Discussion in 'Options' started by lawrence-lugar, Dec 19, 2015.

  1. imo, to say the notional of a swaps contract is different than a futures contract is hard to understand, or completely correct.

    A conventional swaps contract is equivalent to a series of forwards/futures/CFDs/options contracts for a number of consecutive periods/months.

    The following new development about Swap Futures could rectify this conventional (mis)conception by treating them almost equal.

    Just 2 cents!

    Q
    CME deliverable swap futures seek to ease Dodd-Frank clearing constraints

    November 26th, 2012

    http://www.optionscity.com/blog/cme...seek-to-ease-dodd-frank-clearing-constraints/

    Looking to harness market interest in adding exposure to interest-rate swaps, the CME Group is launching a futures contract Dec. 3 that is deliverable into a CME-cleared over-the-counter interest rate swap at expiration.

    “The requirement to clear [OTC] swaps under Dodd-Frank is a very big burden for the markets,” said Sean Tully, managing director of interest rate products at CME Group.

    The 2010 Dodd-Frank Wall Street Reform and Consumer Protection Act backs the benefits of derivatives oversight, trade reporting, and capital and margin requirements. It also maintains centralized clearing and exchange trading of standardized swaps will reduce counterparty credit risk in the financial system.

    These requirements can lend themselves to regulated futures trading. And, Tully says, a futures account is relatively easy to set up. “It can be done in 24 hours.”

    Market analysts say the physically deliverable feature of the new CME swaps futures contract makes it stand apart from previous attempts by exchanges – including the CME and LIFFE (with its Swapnote contract) — to capture a piece of the OTC swap market, and may heighten its appeal.

    Traders say dealer interest in the CME’s current swap futures offering has been percolating, but volume has been meager.

    The same can’t be said for the underlying market. As of June 2012, the most recent figures, the notional value of interest rate swaps stood at $379 trillion, with U.S. dollar-denominated swaps representing $123 trillion, according to data from the Bank for International Settlements. The notional value of the contract is used to calculate the periodic payments and is not exchanged.

    In a single-currency OTC interest rate swap the parties involved agree to exchange periodic payments based on a fixed interest rate that is agreed upon at the start of the transaction. Floating rate reset dates and payment intervals also are established at the outset of the deal.

    As with interest rate futures, swap market participants generally use interest-rate derivatives to hedge interest-rate risk or to take a position on rates’ future direction.

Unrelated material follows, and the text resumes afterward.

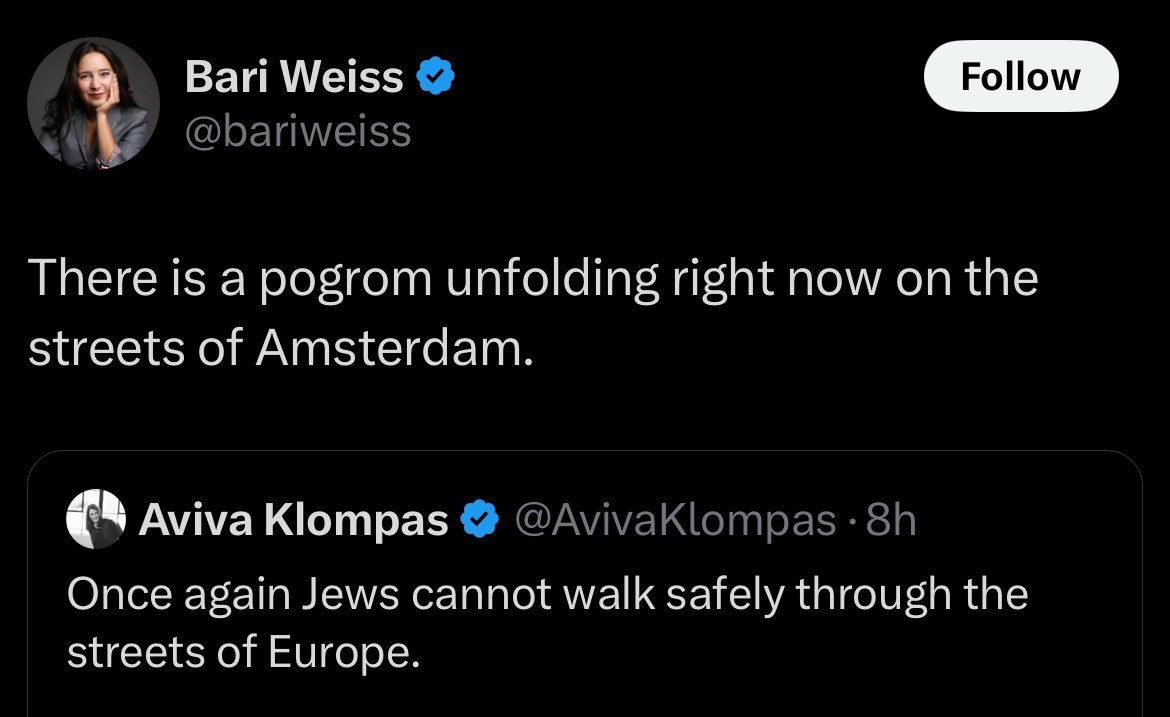 @ishaantharoor 18/ Please see our thread of world leaders lying about the Zionist riot in Amsterdam, which preceded all these media outfits deleting or editing their coverage to be less honest, but match the official propaganda.

    At the CME, the deliverable U.S. dollar-denominated interest rate swap futures will be available on benchmark maturities, or tenors: 2, 5, 10 and 30 years, quoted on a price basis, with a fixed coupon for each contract provided at their listing. The contracts will settle quarterly, conforming to existing IMM settlement dates. In addition, the contracts will be subject to futures-style margining and automatic netting of positions.

    Jack Callahan, executive director of OTC products at the CME Group, said open interest remains in the exchange’s existing cash-settled swap futures contracts, ”and we have no plans to delist them.”

    There will be no conversions of the existing swap contracts by CME, Callahan said, but market participants can choose to roll out of their cash-settled contracts and into deliverable swap futures.

    The CME says Credit Suisse, Citibank, Goldman Sachs and Morgan Stanley are among firms planning to serve as market-makers in the new swaps contract. Block-trade market makers also will be in place, Tully said.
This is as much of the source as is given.